In contrast, Strindberg’s own stage characters ‘are conglomerates of past and present stages of culture, bits out of books and newspapers, scraps of humanity, torn shreds of once fine clothing now turned to rags, exactly as the the human soul is patched together’. Perhaps not unlike the way the diplomat is put together? Was this something new? The theatrical naturalists and modernists exposed the complexity of the soul and maintained that there may be an opposite side of vice more like virtue. They argued that a different reality of character had entered the stage. But among Strindberg’s vast production of plays, novels, short stories, autobiographies, poetry and political essays we also find a hilarious comedy, Hemsöborna, and a satirical novel, Röda rummet.
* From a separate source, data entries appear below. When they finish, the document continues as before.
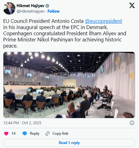 Avropa İttifaqı Şurasının Prezidenti Antonio Koşta Danimarkanın paytaxtı Kopenhagendə keçirilən Avropa Siyasi Birliyi sammitində çıxışında Prezident İlham Əliyevi və Baş nazir Nikol Paşinyanı tarixi sülhə nail olduqlarına görə təbrik edib.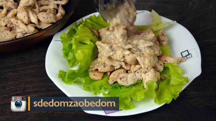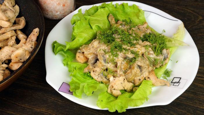 В порционную тарелку положить листья салата, на которые выкладываем обжаренные кусочки куриного филе, заливаем филе грибным соусом и украшаем измельченным укропом.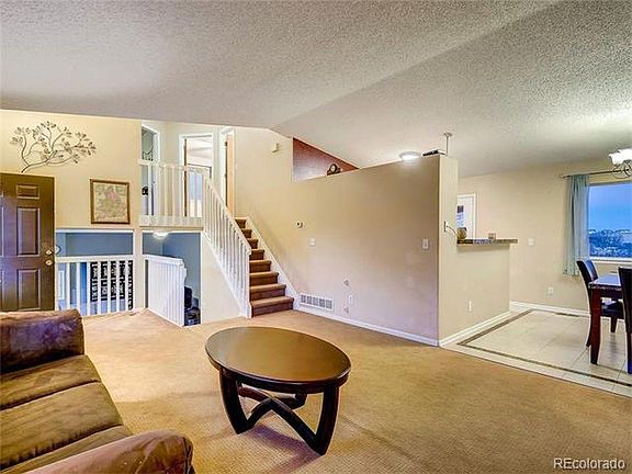 Exceptional, well maintained, 3 bedrooms, 2 Baths, 2-car garage, vaulted ceilings, cozy kitchen with marble counter tops and tile floors. Nearly new appliances, washer and dryer incl., Sprinkler, New furnace, A/C, ceiling fans, Ample storage under stairs. Magnificent view and access to Douglas Co. open-space. 1 small dog only, No cats, please. Available late JULY. SHOWN BY APPOINTMENT PLEASE. Owner pays HOA fees, including trash pickup and membership to community pool and clubhouse. Washer and dryer in utility room. 2 car garage with rear access.

What brings him even closer to the Elizabethans, Jonson and Burton, is his obsession with alchemy and gold. Strindberg also wrote several histories depicting kings and events from Sweden’s past (e.g. Erik XI and Gustav Vasa). Because of this he was sometimes referred to as Sweden’s Shakespeare. His forceful criticism of past literary traditions in Fröken Julie is at best superficial. The Renaissance view of existence was every bit as complex as his own and had the rich language of poetic drama to express the movements of the soul. It is not enough just to harp about Harpagon. One way to test Strindberg’s theory is to take certain groups of characters of the same general type at the time of Jonson 286

August Strindberg, Miss Julie and Other Plays, OUP, 2008, 59.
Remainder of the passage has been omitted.